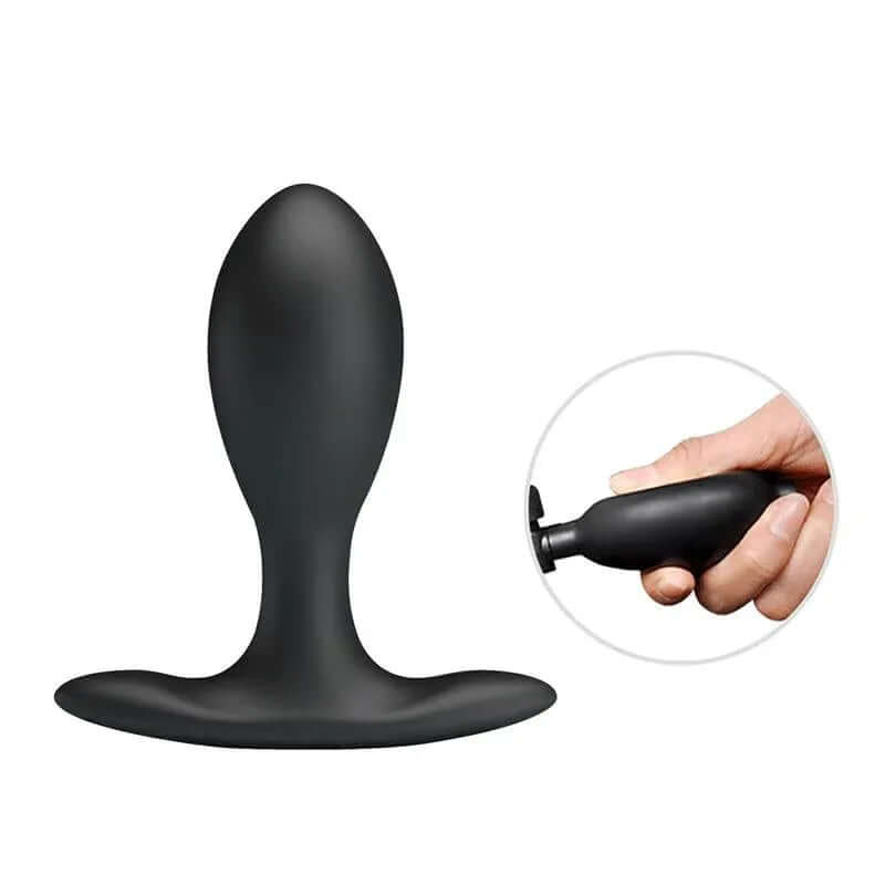 Inflatable plug with internal ball weight — inflate after insertion for customized fullness; internal weight helps maintain steady, pleasurable pressure.
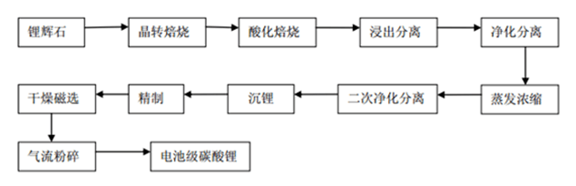 注:電池級(jí)碳酸鋰生產(chǎn)工藝流程圖
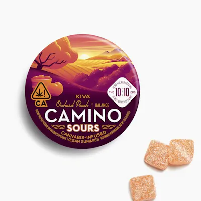 10mg THC & 10mg CBD per piece | 100mg THC & 100mg CBD total in 10 pieces Come back to center as the vivid rays of twilight hour sweep across rolling orchard hills. Orchard Peach Camino Sours are characterized by tart notes of lush, ripe peach with a balancing blend of CBD and THC with indica and sativa-like terpenes. INGREDIENTS: Tapioca Syrup, Sugar, Water, Pectin, Natural Flavor, Citric Acid, Malic Acid, Sodium Citrate, Sodium Malate, Cannabis Extract, Fruit & Vegetable Juice for Color, Coconut Oil, Carnauba Wax, Terpenes.
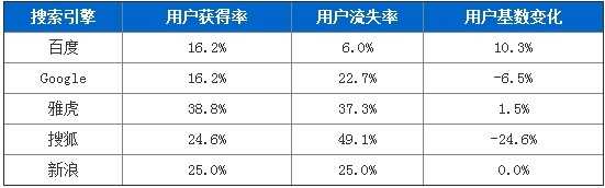 但是,用戶獲得率必須減去用戶流失率才有意義。上述數據中,雅虎搜狐新浪Google的用戶流失率都太高,結果是用戶基數沒增長。

Instructions for the task: Please copy, exactly and only, the lines of the listing that run from the one holding "注:電池級(jí)碳酸鋰生產(chǎn)工藝流程圖" through its last line, and exclude pictures.

Exercise answer:
 注:電池級(jí)碳酸鋰生產(chǎn)工藝流程圖
 10mg THC & 10mg CBD per piece | 100mg THC & 100mg CBD total in 10 pieces Come back to center as the vivid rays of twilight hour sweep across rolling orchard hills. Orchard Peach Camino Sours are characterized by tart notes of lush, ripe peach with a balancing blend of CBD and THC with indica and sativa-like terpenes. INGREDIENTS: Tapioca Syrup, Sugar, Water, Pectin, Natural Flavor, Citric Acid, Malic Acid, Sodium Citrate, Sodium Malate, Cannabis Extract, Fruit & Vegetable Juice for Color, Coconut Oil, Carnauba Wax, Terpenes.
 但是,用戶獲得率必須減去用戶流失率才有意義。上述數據中,雅虎搜狐新浪Google的用戶流失率都太高,結果是用戶基數沒增長。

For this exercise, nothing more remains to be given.